[TASK STATEMENT] Repeat each line of the data below exactly, but skip the pictures.

[INPUT DATA]

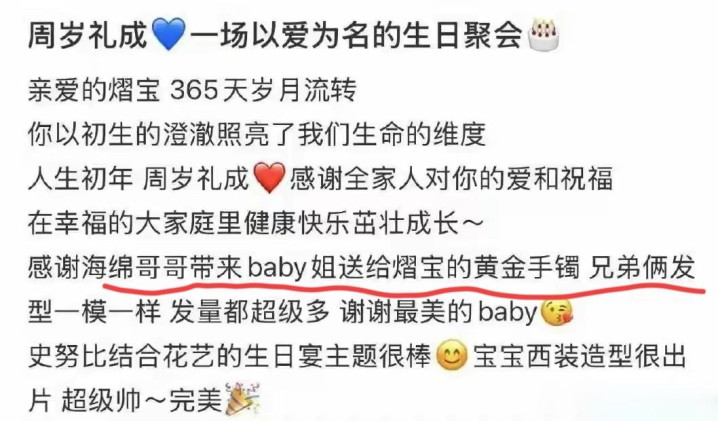 宴会结束后,黄晓明弟媳还特意发文感叹一家人以孩子生日的名义团聚在一起,很是感动,谢谢大家对宝贝的祝福,而且还特意感谢了前嫂子杨颖:“感谢海绵哥哥带来baby姐送给孩子的黄金手镯,兄弟俩发型一模一样,发量都很多,谢谢最美的baby姐”!
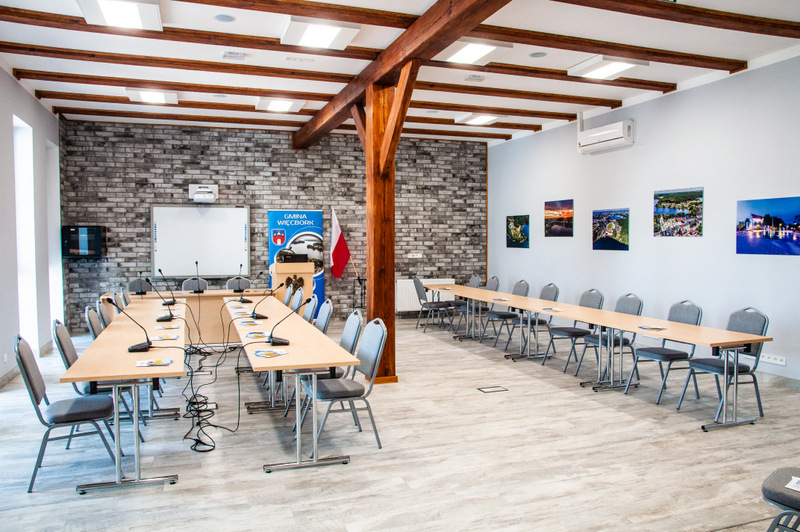 Na parterze nowo powstałego budynku znajdują się pomieszczenia socjalne, garażowe i gospodarcze Urzędu Miejskiego w Więcborku. Centrum mieści się na pierwszym piętrze. W ramach projektu obok budynku powstał parking na 35 miejsc.
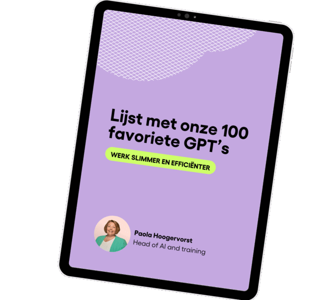 Uren kwijt aan taken die je eigenlijk in minuten wilt afronden? Met de juiste AI-assistenten automatiseer je repetitieve taken en focus je op wat écht telt. Wij bundelden onze 100 favoriete GPT’s in één handig overzicht. Van content creëren tot data analyseren, deze assistenten maken je werk sneller, slimmer en een stuk leuker. Download de lijst en ontdek welke GPT’s bij jouw werk passen.

[COMPLETED EXERCISE]
 宴会结束后,黄晓明弟媳还特意发文感叹一家人以孩子生日的名义团聚在一起,很是感动,谢谢大家对宝贝的祝福,而且还特意感谢了前嫂子杨颖:“感谢海绵哥哥带来baby姐送给孩子的黄金手镯,兄弟俩发型一模一样,发量都很多,谢谢最美的baby姐”!
 Na parterze nowo powstałego budynku znajdują się pomieszczenia socjalne, garażowe i gospodarcze Urzędu Miejskiego w Więcborku. Centrum mieści się na pierwszym piętrze. W ramach projektu obok budynku powstał parking na 35 miejsc.
 Uren kwijt aan taken die je eigenlijk in minuten wilt afronden? Met de juiste AI-assistenten automatiseer je repetitieve taken en focus je op wat écht telt. Wij bundelden onze 100 favoriete GPT’s in één handig overzicht. Van content creëren tot data analyseren, deze assistenten maken je werk sneller, slimmer en een stuk leuker. Download de lijst en ontdek welke GPT’s bij jouw werk passen.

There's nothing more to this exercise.